'''

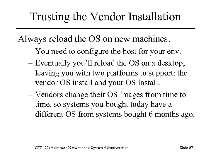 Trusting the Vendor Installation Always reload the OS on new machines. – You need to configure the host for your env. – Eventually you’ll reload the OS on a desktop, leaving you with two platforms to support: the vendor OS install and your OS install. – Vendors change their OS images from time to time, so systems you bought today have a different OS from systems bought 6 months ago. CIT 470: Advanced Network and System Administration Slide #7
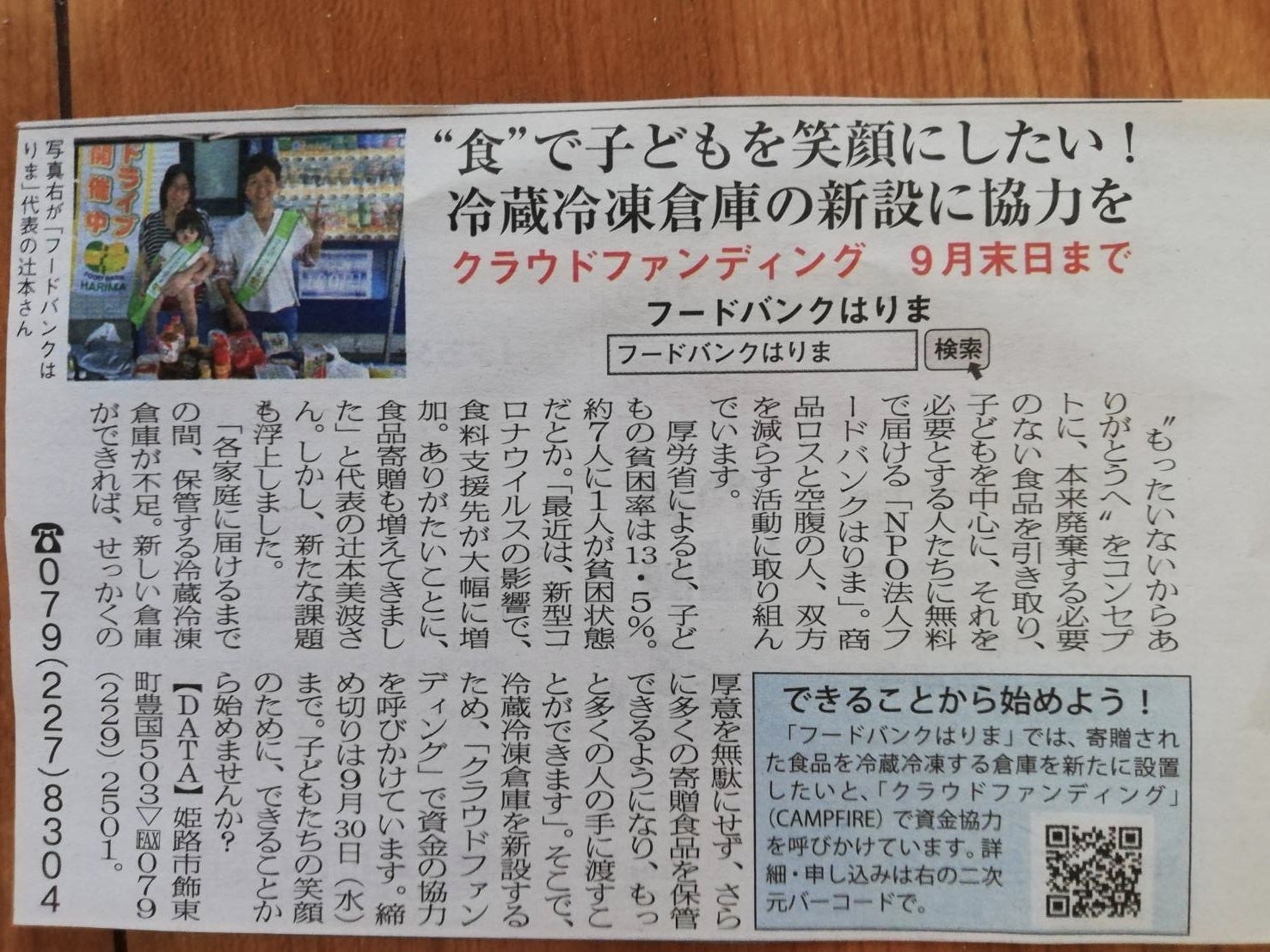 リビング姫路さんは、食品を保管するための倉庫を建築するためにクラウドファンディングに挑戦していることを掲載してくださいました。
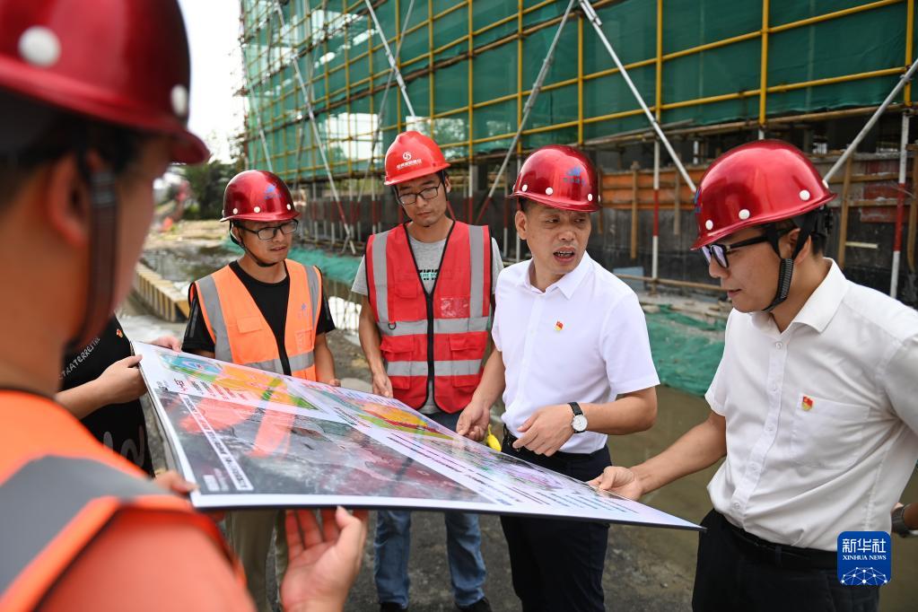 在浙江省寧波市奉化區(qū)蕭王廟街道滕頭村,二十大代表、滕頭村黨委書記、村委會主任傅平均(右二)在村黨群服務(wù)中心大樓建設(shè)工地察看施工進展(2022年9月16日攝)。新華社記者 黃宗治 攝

'''
'''

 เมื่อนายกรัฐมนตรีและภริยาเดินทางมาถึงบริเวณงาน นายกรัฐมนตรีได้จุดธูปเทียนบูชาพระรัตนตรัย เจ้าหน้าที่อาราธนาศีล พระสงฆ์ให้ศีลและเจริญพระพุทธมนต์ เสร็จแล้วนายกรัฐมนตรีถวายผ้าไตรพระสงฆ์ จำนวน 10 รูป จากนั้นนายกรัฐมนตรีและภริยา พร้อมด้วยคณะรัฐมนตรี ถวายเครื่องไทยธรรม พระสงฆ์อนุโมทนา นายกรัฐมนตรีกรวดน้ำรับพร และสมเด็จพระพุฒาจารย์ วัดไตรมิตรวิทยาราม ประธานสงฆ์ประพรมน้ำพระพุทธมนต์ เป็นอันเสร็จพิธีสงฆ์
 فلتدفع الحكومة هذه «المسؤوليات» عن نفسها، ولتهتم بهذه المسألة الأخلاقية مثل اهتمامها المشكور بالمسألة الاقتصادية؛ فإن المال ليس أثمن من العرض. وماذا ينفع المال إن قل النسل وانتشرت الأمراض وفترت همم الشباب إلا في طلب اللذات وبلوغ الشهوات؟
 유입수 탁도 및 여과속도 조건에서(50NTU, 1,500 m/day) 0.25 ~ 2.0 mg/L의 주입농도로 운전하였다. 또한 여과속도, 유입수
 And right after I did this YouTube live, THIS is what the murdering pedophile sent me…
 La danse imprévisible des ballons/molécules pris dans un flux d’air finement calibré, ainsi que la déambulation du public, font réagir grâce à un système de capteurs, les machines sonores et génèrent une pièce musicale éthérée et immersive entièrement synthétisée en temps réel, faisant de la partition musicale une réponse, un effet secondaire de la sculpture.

'''
'''

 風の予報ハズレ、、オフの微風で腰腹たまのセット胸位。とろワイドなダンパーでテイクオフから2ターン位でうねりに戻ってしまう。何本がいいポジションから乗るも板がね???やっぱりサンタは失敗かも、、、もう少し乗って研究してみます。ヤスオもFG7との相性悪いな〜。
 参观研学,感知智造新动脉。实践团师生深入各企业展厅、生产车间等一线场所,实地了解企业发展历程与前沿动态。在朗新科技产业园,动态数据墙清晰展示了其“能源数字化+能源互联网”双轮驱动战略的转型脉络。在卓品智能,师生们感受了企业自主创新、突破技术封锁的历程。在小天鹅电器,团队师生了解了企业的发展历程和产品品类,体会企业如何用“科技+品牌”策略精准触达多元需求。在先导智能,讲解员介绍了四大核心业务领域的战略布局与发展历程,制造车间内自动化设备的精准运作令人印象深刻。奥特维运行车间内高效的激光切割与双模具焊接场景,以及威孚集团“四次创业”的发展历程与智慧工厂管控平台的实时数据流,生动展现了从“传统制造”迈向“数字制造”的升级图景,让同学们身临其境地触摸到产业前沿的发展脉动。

'''

**Work to be completed**
Only those lines of the entries above that run from the line containing "เสร็จแล้วนายกรัฐมนตรีถวายผ้าไตรพระสงฆ์ จำนวน 10" to the line containing "فلتدفع الحكومة هذه", both included, should be transcribed exactly.

**Output below**
 เมื่อนายกรัฐมนตรีและภริยาเดินทางมาถึงบริเวณงาน นายกรัฐมนตรีได้จุดธูปเทียนบูชาพระรัตนตรัย เจ้าหน้าที่อาราธนาศีล พระสงฆ์ให้ศีลและเจริญพระพุทธมนต์ เสร็จแล้วนายกรัฐมนตรีถวายผ้าไตรพระสงฆ์ จำนวน 10 รูป จากนั้นนายกรัฐมนตรีและภริยา พร้อมด้วยคณะรัฐมนตรี ถวายเครื่องไทยธรรม พระสงฆ์อนุโมทนา นายกรัฐมนตรีกรวดน้ำรับพร และสมเด็จพระพุฒาจารย์ วัดไตรมิตรวิทยาราม ประธานสงฆ์ประพรมน้ำพระพุทธมนต์ เป็นอันเสร็จพิธีสงฆ์
 فلتدفع الحكومة هذه «المسؤوليات» عن نفسها، ولتهتم بهذه المسألة الأخلاقية مثل اهتمامها المشكور بالمسألة الاقتصادية؛ فإن المال ليس أثمن من العرض. وماذا ينفع المال إن قل النسل وانتشرت الأمراض وفترت همم الشباب إلا في طلب اللذات وبلوغ الشهوات؟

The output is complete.